- _EXERCISE DESCRIPTION_: Repeat the listing below word for word, minus the pictures.

== EXERCISE INPUT ==

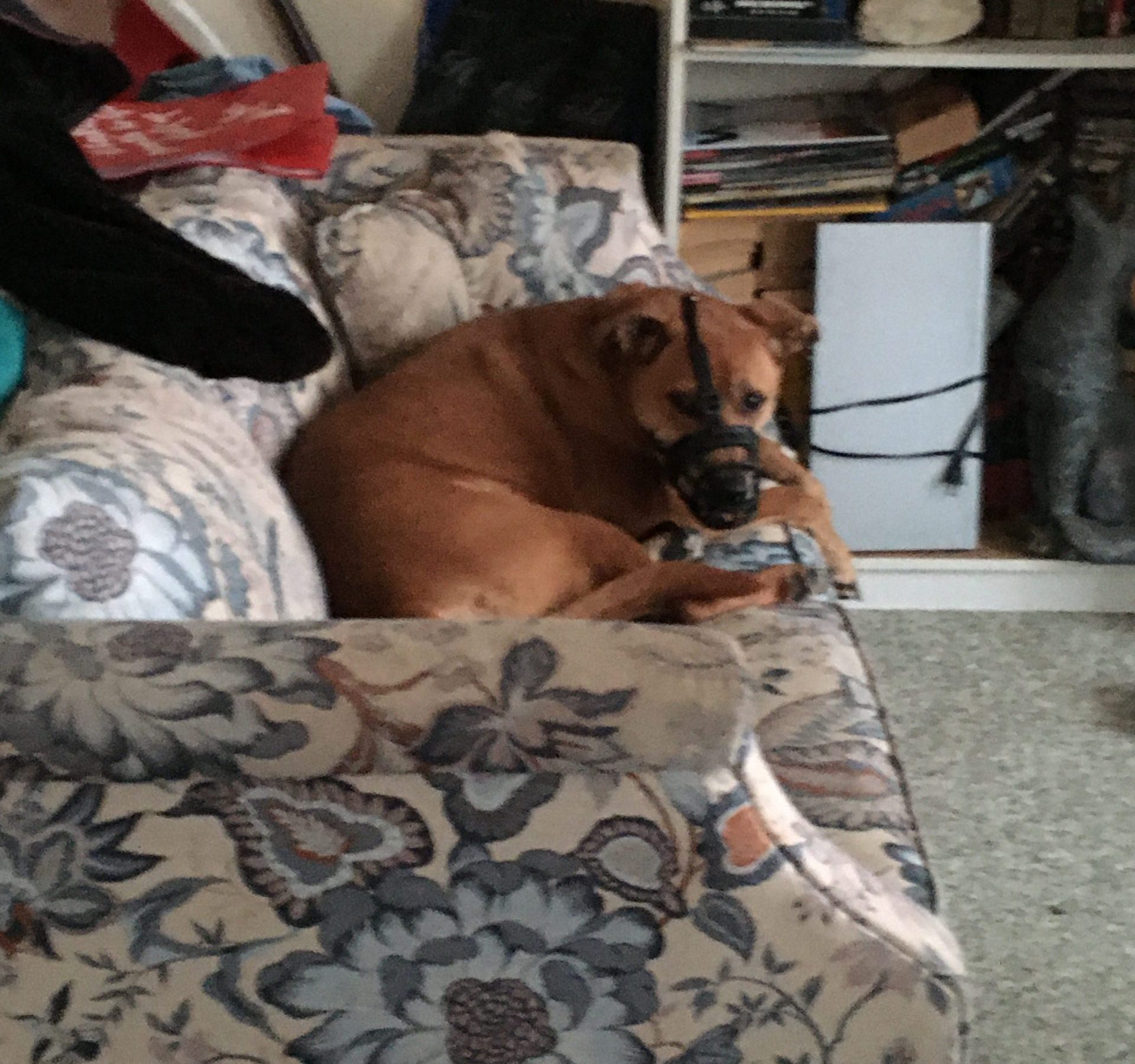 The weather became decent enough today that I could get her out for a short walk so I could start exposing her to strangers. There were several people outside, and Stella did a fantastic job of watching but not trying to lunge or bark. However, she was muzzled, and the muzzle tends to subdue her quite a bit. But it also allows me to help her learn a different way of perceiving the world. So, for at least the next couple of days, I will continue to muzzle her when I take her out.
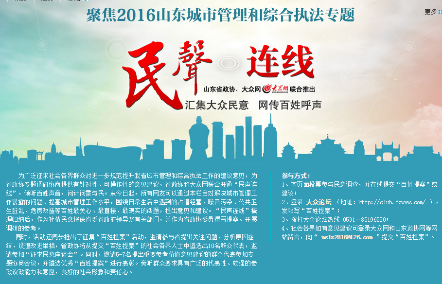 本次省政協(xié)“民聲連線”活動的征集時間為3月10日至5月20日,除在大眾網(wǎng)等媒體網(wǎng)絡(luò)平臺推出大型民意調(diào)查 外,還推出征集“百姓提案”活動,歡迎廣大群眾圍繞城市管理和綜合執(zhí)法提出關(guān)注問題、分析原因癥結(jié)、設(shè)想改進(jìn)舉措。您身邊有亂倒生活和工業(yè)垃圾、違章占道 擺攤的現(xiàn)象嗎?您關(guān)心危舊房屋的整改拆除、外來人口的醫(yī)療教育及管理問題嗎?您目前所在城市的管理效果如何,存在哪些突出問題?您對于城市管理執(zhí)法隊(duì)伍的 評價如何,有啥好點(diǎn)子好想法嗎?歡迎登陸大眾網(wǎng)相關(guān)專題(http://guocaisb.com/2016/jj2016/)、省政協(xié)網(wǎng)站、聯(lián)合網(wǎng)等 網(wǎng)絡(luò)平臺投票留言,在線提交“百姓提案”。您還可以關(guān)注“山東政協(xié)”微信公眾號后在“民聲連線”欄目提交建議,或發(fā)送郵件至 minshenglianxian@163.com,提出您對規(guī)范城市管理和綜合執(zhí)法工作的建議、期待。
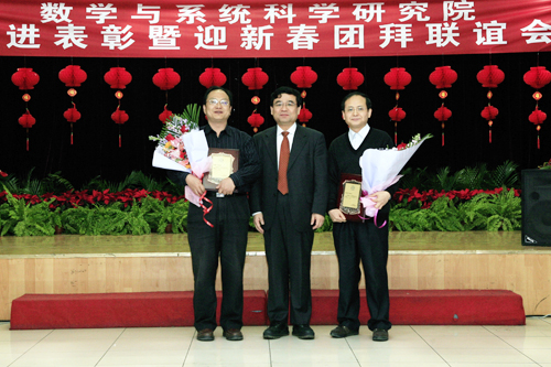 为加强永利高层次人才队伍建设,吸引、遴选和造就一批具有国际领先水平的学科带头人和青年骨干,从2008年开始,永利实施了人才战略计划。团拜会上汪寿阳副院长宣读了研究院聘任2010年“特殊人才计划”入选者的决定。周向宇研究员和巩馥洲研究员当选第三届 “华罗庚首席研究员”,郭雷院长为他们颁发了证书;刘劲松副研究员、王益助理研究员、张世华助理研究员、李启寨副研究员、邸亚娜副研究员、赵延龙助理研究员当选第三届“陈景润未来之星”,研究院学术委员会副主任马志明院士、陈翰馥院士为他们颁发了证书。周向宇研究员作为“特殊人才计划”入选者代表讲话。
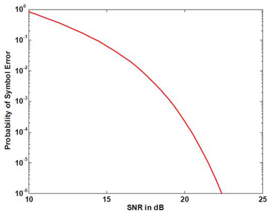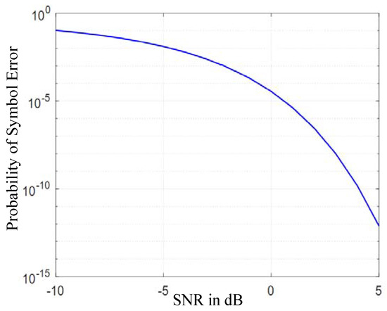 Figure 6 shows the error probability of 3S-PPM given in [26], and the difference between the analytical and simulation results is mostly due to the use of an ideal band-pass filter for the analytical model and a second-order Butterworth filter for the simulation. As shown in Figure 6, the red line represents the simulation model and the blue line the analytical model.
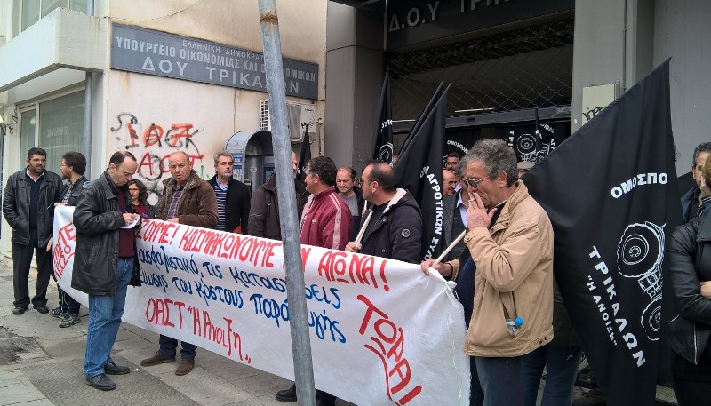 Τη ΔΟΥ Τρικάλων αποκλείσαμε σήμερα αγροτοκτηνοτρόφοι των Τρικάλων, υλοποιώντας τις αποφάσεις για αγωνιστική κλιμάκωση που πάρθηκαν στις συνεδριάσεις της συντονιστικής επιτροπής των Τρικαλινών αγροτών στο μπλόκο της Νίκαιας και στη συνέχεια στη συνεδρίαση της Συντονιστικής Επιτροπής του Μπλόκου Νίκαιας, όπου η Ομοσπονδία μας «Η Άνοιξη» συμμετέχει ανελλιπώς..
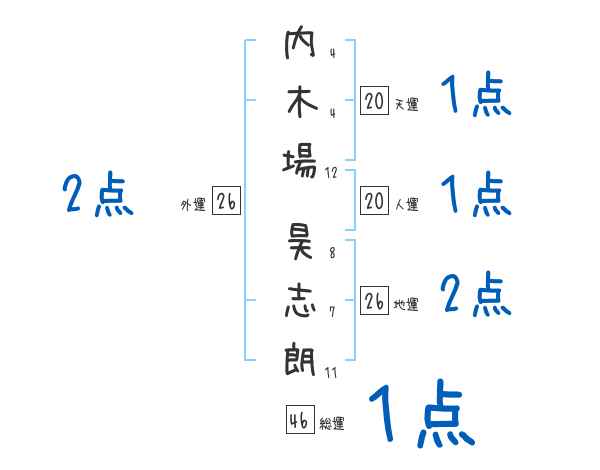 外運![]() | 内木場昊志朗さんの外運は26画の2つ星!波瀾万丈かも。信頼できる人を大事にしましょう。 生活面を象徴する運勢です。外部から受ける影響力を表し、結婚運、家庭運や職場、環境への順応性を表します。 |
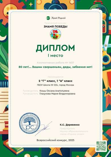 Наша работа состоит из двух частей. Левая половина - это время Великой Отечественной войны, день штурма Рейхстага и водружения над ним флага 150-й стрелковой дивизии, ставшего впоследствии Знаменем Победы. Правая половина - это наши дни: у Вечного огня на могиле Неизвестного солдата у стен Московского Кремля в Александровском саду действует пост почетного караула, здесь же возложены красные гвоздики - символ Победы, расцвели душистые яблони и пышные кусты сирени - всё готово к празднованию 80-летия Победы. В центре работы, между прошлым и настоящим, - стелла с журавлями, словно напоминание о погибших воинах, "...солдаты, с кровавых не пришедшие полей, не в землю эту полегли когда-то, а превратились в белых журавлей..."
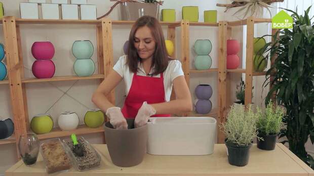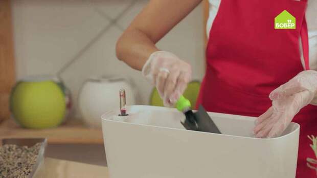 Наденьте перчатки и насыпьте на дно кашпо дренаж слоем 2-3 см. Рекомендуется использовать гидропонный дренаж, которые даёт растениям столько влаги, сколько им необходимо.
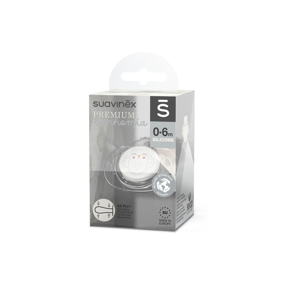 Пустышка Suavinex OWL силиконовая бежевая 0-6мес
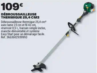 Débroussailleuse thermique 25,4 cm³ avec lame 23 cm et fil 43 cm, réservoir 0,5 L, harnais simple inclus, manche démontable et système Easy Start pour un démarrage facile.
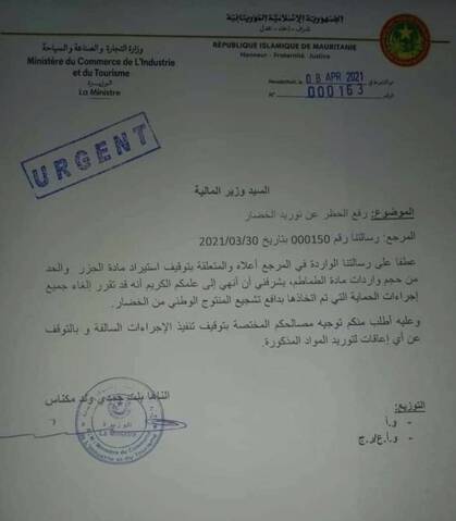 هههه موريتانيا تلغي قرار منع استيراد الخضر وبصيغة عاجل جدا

===

- _OUTPUT BELOW_:
 The weather became decent enough today that I could get her out for a short walk so I could start exposing her to strangers. There were several people outside, and Stella did a fantastic job of watching but not trying to lunge or bark. However, she was muzzled, and the muzzle tends to subdue her quite a bit. But it also allows me to help her learn a different way of perceiving the world. So, for at least the next couple of days, I will continue to muzzle her when I take her out.
 本次省政協(xié)“民聲連線”活動的征集時間為3月10日至5月20日,除在大眾網(wǎng)等媒體網(wǎng)絡(luò)平臺推出大型民意調(diào)查 外,還推出征集“百姓提案”活動,歡迎廣大群眾圍繞城市管理和綜合執(zhí)法提出關(guān)注問題、分析原因癥結(jié)、設(shè)想改進(jìn)舉措。您身邊有亂倒生活和工業(yè)垃圾、違章占道 擺攤的現(xiàn)象嗎?您關(guān)心危舊房屋的整改拆除、外來人口的醫(yī)療教育及管理問題嗎?您目前所在城市的管理效果如何,存在哪些突出問題?您對于城市管理執(zhí)法隊(duì)伍的 評價如何,有啥好點(diǎn)子好想法嗎?歡迎登陸大眾網(wǎng)相關(guān)專題(http://guocaisb.com/2016/jj2016/)、省政協(xié)網(wǎng)站、聯(lián)合網(wǎng)等 網(wǎng)絡(luò)平臺投票留言,在線提交“百姓提案”。您還可以關(guān)注“山東政協(xié)”微信公眾號后在“民聲連線”欄目提交建議,或發(fā)送郵件至 minshenglianxian@163.com,提出您對規(guī)范城市管理和綜合執(zhí)法工作的建議、期待。
 为加强永利高层次人才队伍建设,吸引、遴选和造就一批具有国际领先水平的学科带头人和青年骨干,从2008年开始,永利实施了人才战略计划。团拜会上汪寿阳副院长宣读了研究院聘任2010年“特殊人才计划”入选者的决定。周向宇研究员和巩馥洲研究员当选第三届 “华罗庚首席研究员”,郭雷院长为他们颁发了证书;刘劲松副研究员、王益助理研究员、张世华助理研究员、李启寨副研究员、邸亚娜副研究员、赵延龙助理研究员当选第三届“陈景润未来之星”,研究院学术委员会副主任马志明院士、陈翰馥院士为他们颁发了证书。周向宇研究员作为“特殊人才计划”入选者代表讲话。
 Figure 6 shows the error probability of 3S-PPM given in [26], and the difference between the analytical and simulation results is mostly due to the use of an ideal band-pass filter for the analytical model and a second-order Butterworth filter for the simulation. As shown in Figure 6, the red line represents the simulation model and the blue line the analytical model.
 Τη ΔΟΥ Τρικάλων αποκλείσαμε σήμερα αγροτοκτηνοτρόφοι των Τρικάλων, υλοποιώντας τις αποφάσεις για αγωνιστική κλιμάκωση που πάρθηκαν στις συνεδριάσεις της συντονιστικής επιτροπής των Τρικαλινών αγροτών στο μπλόκο της Νίκαιας και στη συνέχεια στη συνεδρίαση της Συντονιστικής Επιτροπής του Μπλόκου Νίκαιας, όπου η Ομοσπονδία μας «Η Άνοιξη» συμμετέχει ανελλιπώς..
 外運![]() | 内木場昊志朗さんの外運は26画の2つ星!波瀾万丈かも。信頼できる人を大事にしましょう。 生活面を象徴する運勢です。外部から受ける影響力を表し、結婚運、家庭運や職場、環境への順応性を表します。 |
 Наша работа состоит из двух частей. Левая половина - это время Великой Отечественной войны, день штурма Рейхстага и водружения над ним флага 150-й стрелковой дивизии, ставшего впоследствии Знаменем Победы. Правая половина - это наши дни: у Вечного огня на могиле Неизвестного солдата у стен Московского Кремля в Александровском саду действует пост почетного караула, здесь же возложены красные гвоздики - символ Победы, расцвели душистые яблони и пышные кусты сирени - всё готово к празднованию 80-летия Победы. В центре работы, между прошлым и настоящим, - стелла с журавлями, словно напоминание о погибших воинах, "...солдаты, с кровавых не пришедшие полей, не в землю эту полегли когда-то, а превратились в белых журавлей..."
 Наденьте перчатки и насыпьте на дно кашпо дренаж слоем 2-3 см. Рекомендуется использовать гидропонный дренаж, которые даёт растениям столько влаги, сколько им необходимо.
 Пустышка Suavinex OWL силиконовая бежевая 0-6мес
 Débroussailleuse thermique 25,4 cm³ avec lame 23 cm et fil 43 cm, réservoir 0,5 L, harnais simple inclus, manche démontable et système Easy Start pour un démarrage facile.
 هههه موريتانيا تلغي قرار منع استيراد الخضر وبصيغة عاجل جدا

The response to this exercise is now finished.